London (CNN)For years, the two parchment leaves covered in an elegant early form of Arabic script were misbound with leaves of a similar Quran manuscript dating from the late seventh century.
Now, with the help of radiocarbon analysis, the two fragments have been shown to be decades older -- which puts them among the oldest known examples in the world, according to researchers at the UK's University of Birmingham.
The testing, which is more than 95% accurate, has dated the parchment on which the text is written to between 568 and 645 AD, the researchers said.
This means it was created close to the time of the Prophet Mohammed, who is generally thought to have lived between AD 570 and 632 AD, they said.
The ancient fragment is part of the university's Mingana Collection of Middle Eastern manuscripts, held in the Cadbury Reseach Library.
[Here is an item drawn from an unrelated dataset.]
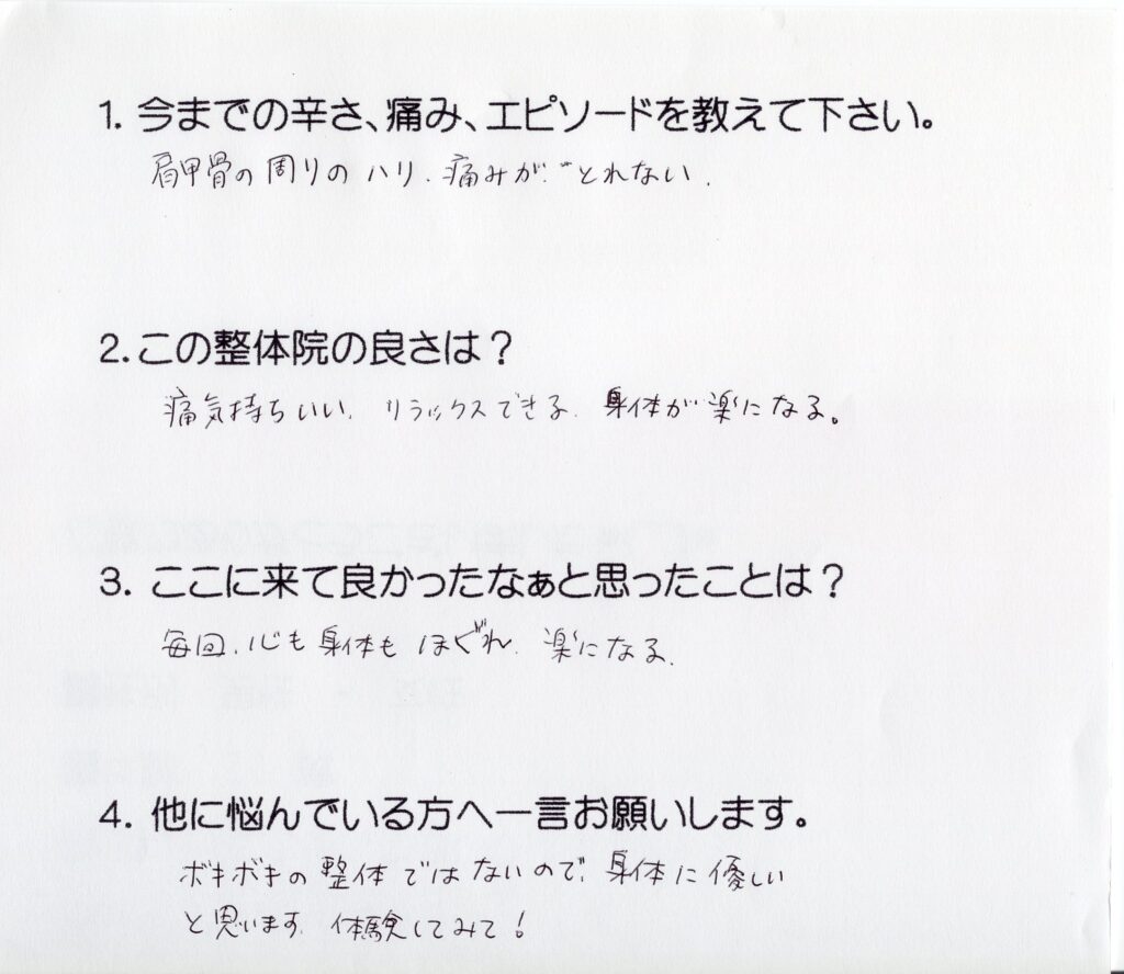 ボキボキの整体ではないので、身体に優しいと思います。体験してみて!

They were gathered in the 1920s by Alphonse Mingana, a Chaldean priest who was born near Mosul, Iraq, but settled in England.
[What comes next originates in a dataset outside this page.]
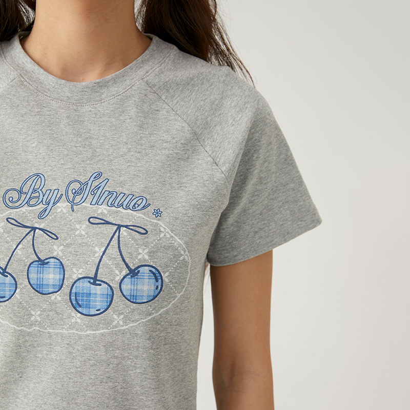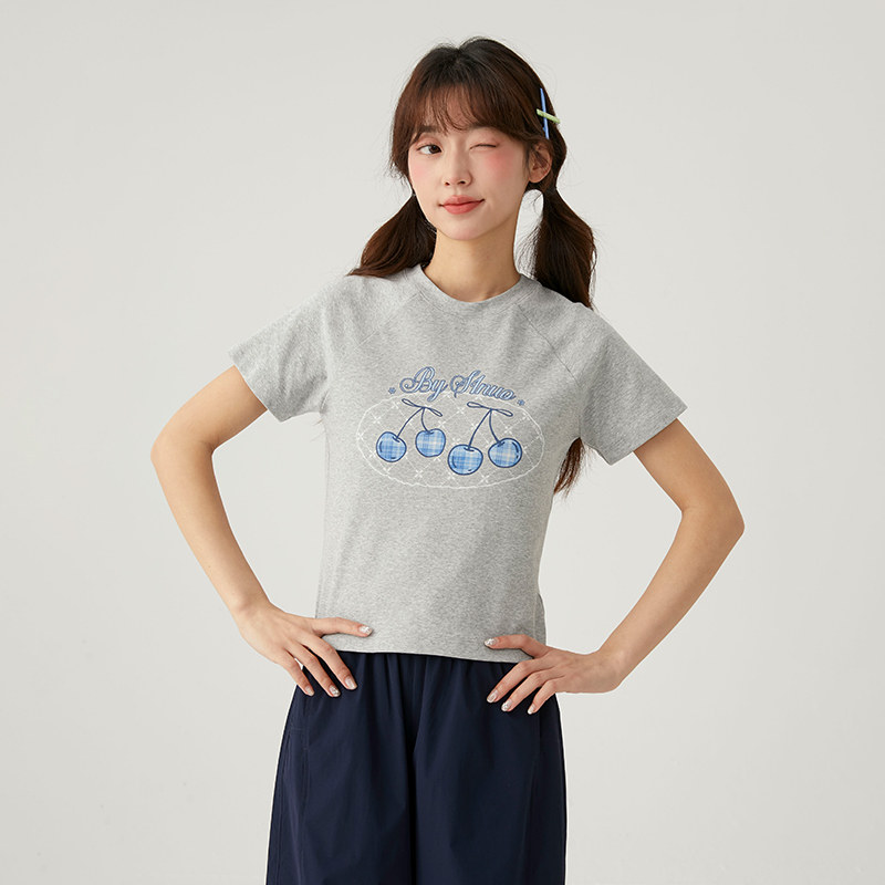 诺诺公主S1N初中生夏季新款印花小版短袖T恤女青少年修身短款上衣

The two parchment leaves are believed to contain parts of Suras (chapters) 18 to 20, written with ink in an early form of Arabic script known as Hijazi.
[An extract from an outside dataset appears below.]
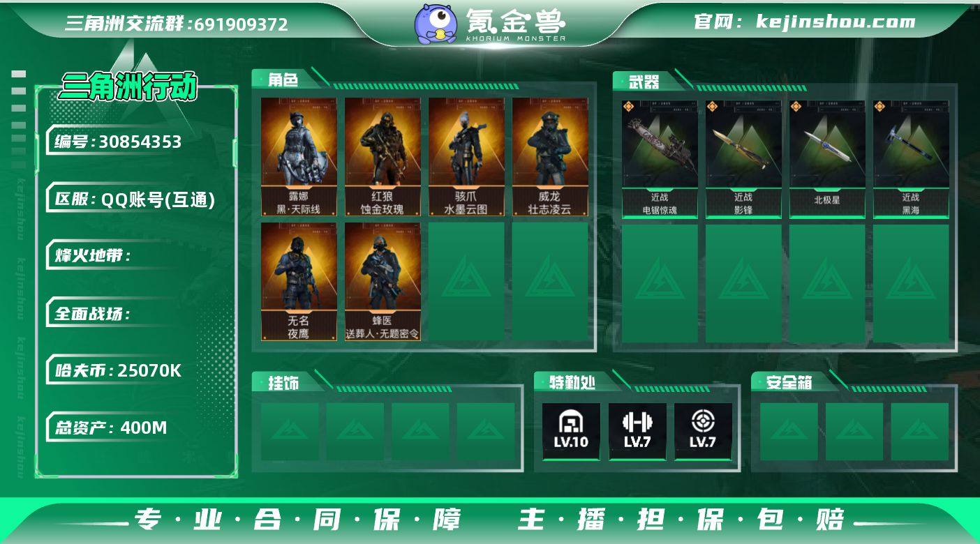 S932 总资产400M,哈夫币2507w,近战5 枪皮数量246,露娜-黑天际线/红狼-蚀金玫瑰/骇爪-水墨云图/无名-夜鹰/威龙-壮志凌云/蜂医-送葬人无题密令,近战-北极星/近战-黑海/近战-影锋/近战-电锯惊魂,战场等级44校官, 行动等级60铂金,安全箱等时效性道具请以游戏内数据为准,详情请看图

And according to Professor David Thomas, professor of Christianity and Islam, the text is very similar to what is found in the present day Quran.
"This tends to support the view that the Quran that we now have is more or less very close indeed to the Quran as it was brought together in the early years of Islam," he said.
Written on parchment, stone, camel bones
Thomas and Nadir Dinshaw, professor of interreligious relations at the University of Birmingham, said the results of the radiocarbon analysis had been "startling" and "could well take us back to within a few years of the actual founding of Islam."
The animal from whose hide the parchment was made could have been alive in the lifetime of the Prophet Mohammed, or shortly afterward, they said in a university news release.
According to Muslim tradition, they said, the Prophet Mohammed received the revelations that form the Quran between 610 and 632 AD.
"At this time, the divine message was not compiled into the book form in which it appears today. Instead, the revelations were preserved in 'the memories of men.' Parts of it had also been written down on parchment, stone, palm leaves and the shoulder blades of camels," the researchers said.
It was only under Caliph Abu Bakr, the first leader of the Muslim community after Mohammed, that the collection of all Quranic material was ordered to be gathered in the form of a book, they said.
"The final, authoritative written form was completed and fixed under the direction of the third leader, Caliph Uthman, in about AD 650. Muslims believe that the Qur'an they read today is the same text that was standardised under Uthman and regard it as the exact record of the revelations that were delivered to Muhammad."
'Global significance'
The researchers hailed the discovery as being of particular significance to Birmingham because the city is culturally diverse with a large Muslim population.
Susan Worrall, director of special collections at the Cadbury Research Library, described the manuscript as "a treasure that is of global significance to Muslim heritage and the study of Islam, as well as being a source of great pride to the local community."
Dr Muhammad Isa Waley, lead curator for Persian and Turkish Manuscripts at the British Library, said: "This is indeed an exciting discovery.
"We know now that these two folios, in a beautiful and surprisingly legible Hijazi hand, almost certainly date from the time of the first three Caliphs."